Now, let me emphasize, Anna, that the couple’s mutual promise not to leave one another comes within the context of several other big promises. Here, for instance, are the marriage vows from the Book of Common Prayer:
In the Name of God, I take you to be my spouse, to have and to hold from this day forward, for better for worse, for richer for poorer, in sickness and in health, to love and to cherish, until we are parted by death. This is my solemn vow.
Notice that the vows don’t say, “I won’t leave you no matter how abusive you become,” nor do they say, “I won’t leave you no matter how little effort you make to overcome your addictions.” What they do say is that the partners will love and cherish one another, that they will create and nurture a mutually generative relationship, and that because of that mutual generativity, the partners will remain together through the end of this life, even when doing so is a whole lot of work.
Here’s the amazing thing, the everyday miracle that happens when these vows become deeply integrated into a marriage. That marriage will encounter hardship, the partners will sometimes feel like they are a mystery to one another, the partners will exasperate one another. And yet, in a way that we can’t entirely measure or name, the partners will become more together than they could ever be alone.

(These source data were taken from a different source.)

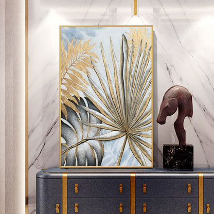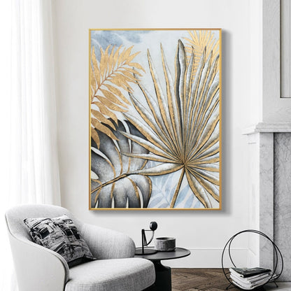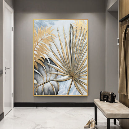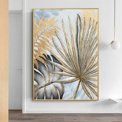Minimalist gold and grey leaves painting on canvas - Hand made
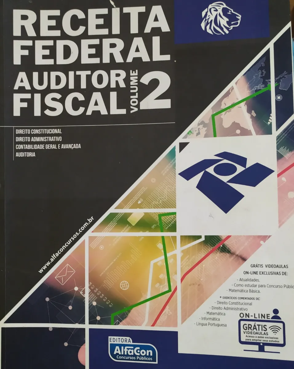 Livro preparatório para o concurso da Receita Federal, Auditor Fiscal. Volume 2. Aborda Direito Constitucional, Administrativo, Contabilidade e Auditoria.
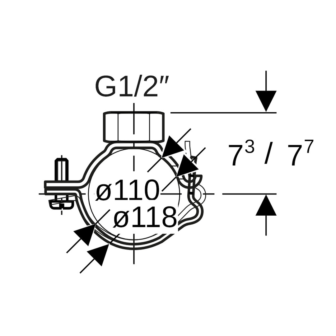 Geberit Rohrschelle DN 100, mit Gewindemuffe G 1/2, verstellbar, verzinkt
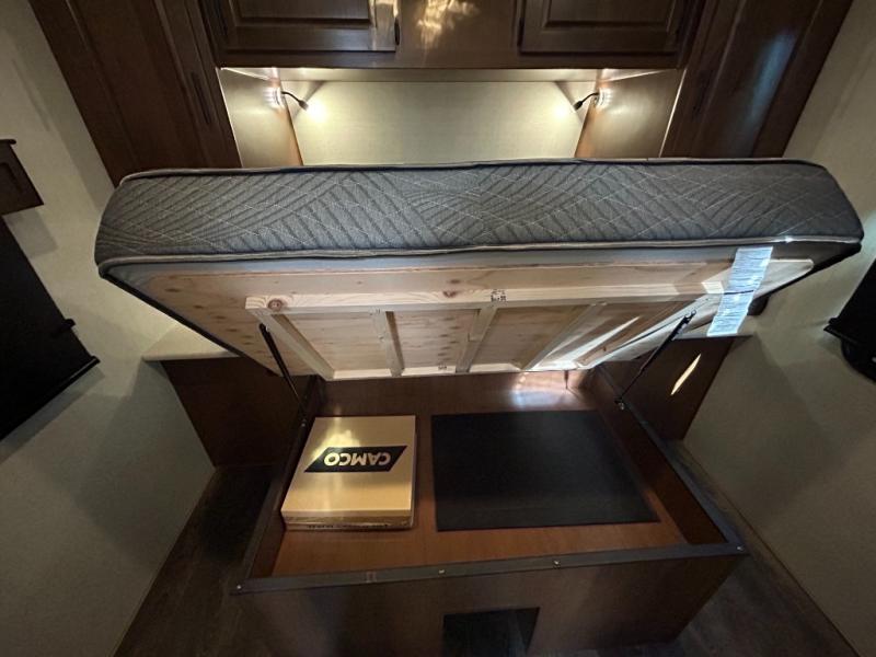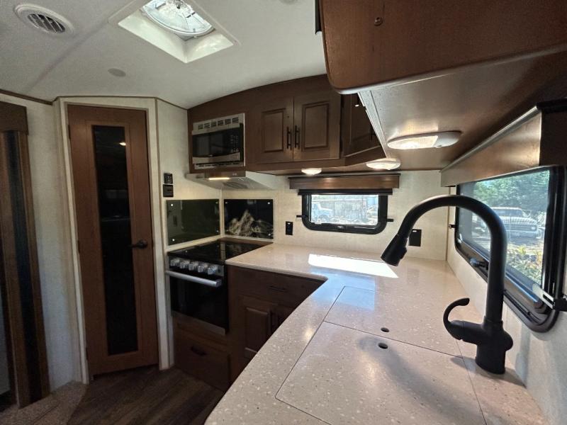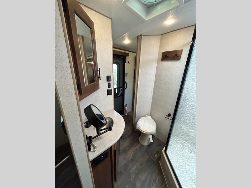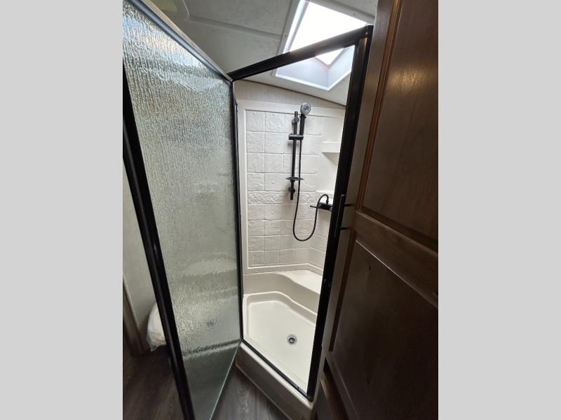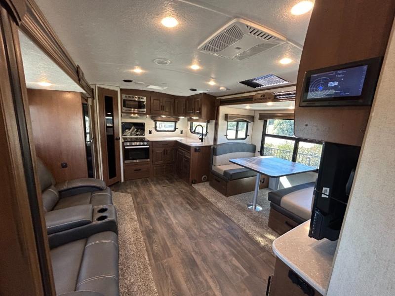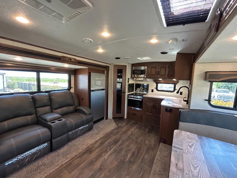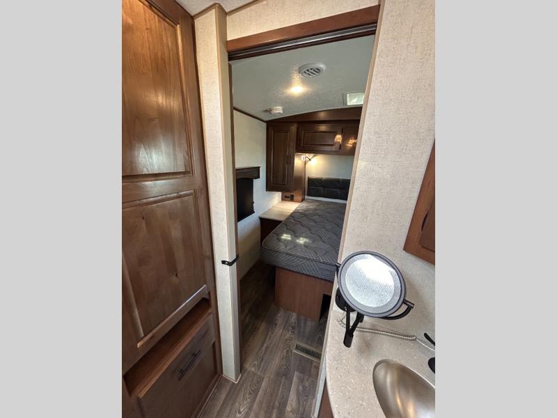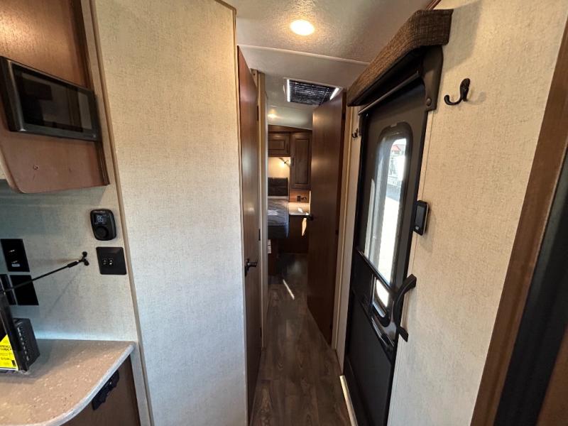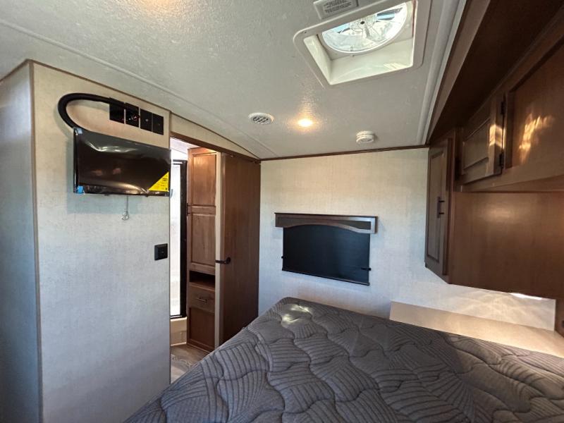 Enjoy added space in this travel trailer with dual opposing slides in the main living area. Your crew can visit on the residential sofa with built-in recliners or play a game at the mountain dinette while the chef whips up dinner in the rear kitchen. A spacious dual entry bath will allow you to clean up after your adventures, and a front master bedroom will have you feeling right at home. This model also includes a swing-out 40" TV in the main living area so rainy days can be spent watching movies!
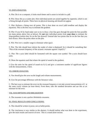 The document provides feedback on improving an experiment to measure the speed of sound using an acoustic resonator. The main results were a measurement for the speed of sound and identification of the main sources of error. Improvements were suggested for the experimental setup sketch, data collection method description, data analysis including a fitted plot of resonant frequency versus the inverse square root of volume, and error analysis. The abstract and conclusions should summarize the experiment, results obtained for the speed of sound measurement, and key sources of uncertainty.

Like a musician playing a piece of glorious piece music that holds room for improvisation, the very structure, the very limitation of the song that the couple sings together is also the very thing that affords each of them their freedom. As the couple keeps the shared promises of marriage – as they keep these promises before God and with God, before friends and with friends – they will discover what parents and Rabbis and everyone else who makes and keeps holy promises has learned: the limitations that they have freely chosen are not a burden but, rather, they are a joy.